In February, after one last hoorah together, I decided enough was enough. I thought about how May graduation was approaching quickly and that soon I’d be

living on my own and dealing with problems without the luxury of ditching classes, avoiding homework and lying in my room all day crying. When I thought about the new job I would begin in June, I came to the conclusion that if I pulled the same overused coping mechanisms, I’d be fired and replaced in no time.

Though it was hard for me to take that first step, I decided to swallow my overinflated pride and get some counseling at the Psychological Services Center on campus. First of all, it’s free to full-time students, but more importantly, making the decision to get professional guidance helped me realize that I take my life seriously and that I love myself enough to make some changes in my life for the better. It wasn’t just the break-up that fueled me to seek help; it was years of being a pushover and being dishonest and ashamed with who I was.
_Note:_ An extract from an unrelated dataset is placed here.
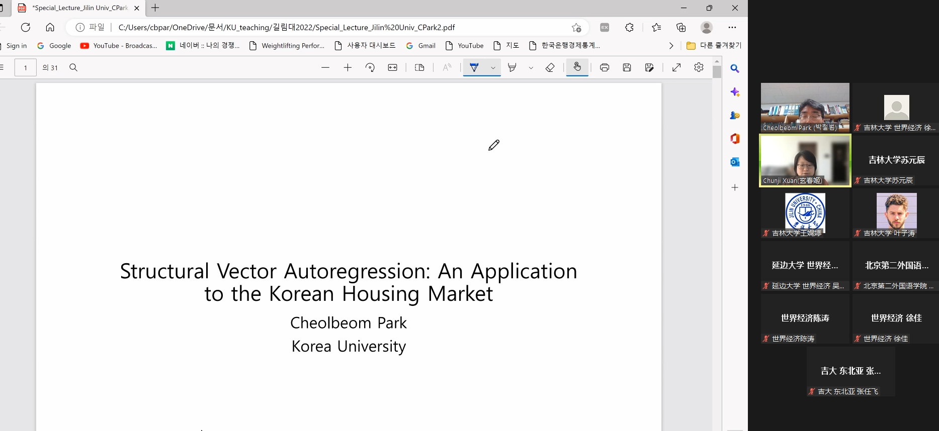 2022年12月9日,“东北亚国别与区域研究高端讲坛”之“结构向量自回归—对韩国房地产市场的应用”在 h动漫 顺利举行。本次讲座由 h动漫 东北亚研究中心、 h动漫 、东北亚研究院、国际文化交流学术联盟东北亚区域研究专门委员会联合举办。 h动漫 邀请到了韩国高丽大学经济系教授——朴哲范(Park Cheol Beom)教授来进行讲座。讲座由 h动漫 副教授玄春姬主持。
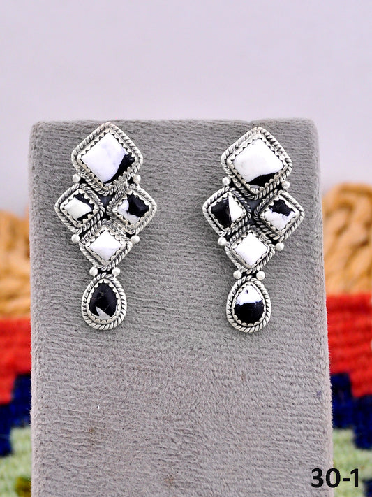 Navajo Made Kingman Turquoise & Sterling Silver Post Dangle Earrings

It was extremely difficult to admit to another person that I couldn’t handle my own problems, but I was incredibly lucky & my counselor was great. She helped me realize that my emotions are valid and that things that happened to me in the past were worth sharing so I could finally understand the situations and my pattern of reactions to them.

Basically, she made me feel special at a time when I felt anything but that. I soon looked forward to my 50 minutes of undivided attention where I could figure out my personal goals and uncover all the facets of my personality & whether I liked them or not.

I only told a select few of my counseling because I was afraid people would think I was unstable or weak if they knew. But now, I’m not ashamed to admit that I needed a little help at a point in my life where everything from Calculus to shopping made me feel lost and hopeless.

This week I had my last counseling session, and fittingly enough, this is my last column at the Northern Star. I now look forward to graduating and leaving college in a much happier state than when I started this school year. Though I wish I didn’t have to live through some of the troubling moments I’ve encountered this year, those bad experiences led me to get help so I know how to avoid or deal with trying situations in the future, while respecting my needs in the process.

I guess I really don’t need those superhuman powers of youth anymore & I now have self-respect instead.